Siza Vieira diz que tocar na obra de Távora é “inqualificável” e “de uma arrogância enorme”

Siza Vieira diz que tocar na obra de Távora é “inqualificável” e “de uma arrogância enorme”

Siza VieiraSiza Vieira entende que a retirada pela Câmara do Porto da estátua “O Porto” da Casa dos 24, a última obra de Fernando Távora, falecido em 2005, é “inacreditável”, “inqualificável” e “de uma arrogância enorme”.

“Acho inacreditável, absolutamente inacreditável, que se tenha tocado seja no que for”, começou por dizer, reagindo à notícia do Porto24 de que o município havia transferido a estátua do guerreiro em granito, com cerca de 200 anos, para a Praça da Liberdade.
“É uma modificação de um elemento que está lá e que tem um sentido na arquitectura, simplesmente por aflição do presidente [da Câmara do Porto]. Valha-nos Nossa Senhora dos Aflitos”, criticou, esta segunda-feira, o arquitecto ao P24.
O arquitecto que tem obras por todo o mundo e recebeu em 1992 o Prémio Pritzker (considerado o Nobel da Arquitectura) acrescenta que o que a autarquia fez, “sem ouvir ninguém”, é “inqualificável”, sobretudo tratando-se de “um arquitecto considerado”, em Portugal e no estrangeiro, e de “um projecto celebrado” e que teve a concordância da mesma autarquia – a também conhecida como Torre da Câmara foi inaugurada por Rui Rio a 24 de Outubro de 2003.

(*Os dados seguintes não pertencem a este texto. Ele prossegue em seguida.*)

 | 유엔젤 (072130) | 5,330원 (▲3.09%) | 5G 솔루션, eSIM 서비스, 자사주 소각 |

“Admito que o presidente [da Câmara do Porto] não goste, mas, se isto acontecesse em todo o país, não sei o que ficaria de pé”, diz Siza Vieira.

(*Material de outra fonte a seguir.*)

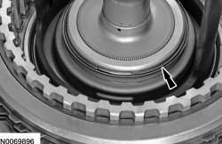 119. NOTICE: Only compress the direct clutch piston return spring far enough to install the direct clutch cylinder snap ring. If the direct clutch cylinder is pressed too far, the direct clutch cylinder alignment tab may be broken off. The tab is used to align the TSS (Turbine Shaft Speed) sensor tone wheel (part of the direct clutch cylinder). If the tab is broken, erratic shifts and transmission damage can occur.

Na cerimónia que visou assinalar o regresso da estátua à Praça da Liberdade, Rui Rio confessou que “desde o primeiro dia em que chegou à Câmara lhe causava uma certa aflição a estátua estar no sítio onde estava”.

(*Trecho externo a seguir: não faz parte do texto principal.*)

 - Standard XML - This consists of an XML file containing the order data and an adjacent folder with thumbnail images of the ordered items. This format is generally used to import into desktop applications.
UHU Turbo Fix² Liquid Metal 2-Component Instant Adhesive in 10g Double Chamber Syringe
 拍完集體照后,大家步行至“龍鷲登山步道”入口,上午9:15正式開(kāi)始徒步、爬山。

A Rui Rio incomodava-o, sobretudo, o facto de a escultura “não estar próxima do sítio a que pertence, que é a antiga Praça Nova, como se chamava nessa altura, no início do século XIX, a Praça da Liberdade”.
Nem Siza foi ouvido

A estátua “O Porto” está desde sexta-feira na Praça da Liberdade. Foto: Miguel Oliveira
Sobre o local escolhido para acolher a escultura de João Alão, o co-autor do actual desenho da Praça da Liberdade também não foi ouvido. “Os projectistas, eu e o Souto Moura, não foram ouvidos. Ninguém nos perguntou nada, mas também ninguém nos perguntou para trocarem as árvores que estavam no nosso projecto”, lamenta o arquitecto, que diz serem, hoje em dia, “múltiplos os sinais de desprezo absoluto pelo que é a obra de arquitectura”.
“Não basta uma pessoa não gostar. A arquitectura não se resolve por referendo”, sublinhou na conversa telefónica com o P24, em que recordou que, “na grande manifestação contra o projecto da Avenida dos Aliados, estiveram 23 pessoas”.
Siza Vieira disse ainda ao P24 que Fernando Távora lhe mostrou o projecto durante a fase de concepção da Casa dos 24 e que ele foi uma das vozes que defenderam a sua visão, inclusive junto do então Instituto Português do Património Arquitectónico (IPPAR). “Sabendo que eu estava a fazer o projecto da Avenida da Ponte, ele quis mostrar-me o projecto e eu fiquei encantado. O projecto que ele fez é uma unidade e consegue fazer ler o envolvimento da Sé”, justifica Siza, explicando que aquela zona, “com as demolições dos anos 40″, havia ficado “desamparada”.
“Com um único bloco, ele consegue dar a ideia do que era a relação da Sé com a cidade”, sublinha Siza Vieira.
Esta sexta-feira, a Ordem dos Arquitectos e a família de Fernando Távora mostraram-se chocados com saída da simbólica estátua da Sé.
O P24 procurou, no mesmo dia, obter uma reacção da Câmara do Porto, mas até ao momento não foi possível obter uma resposta do município.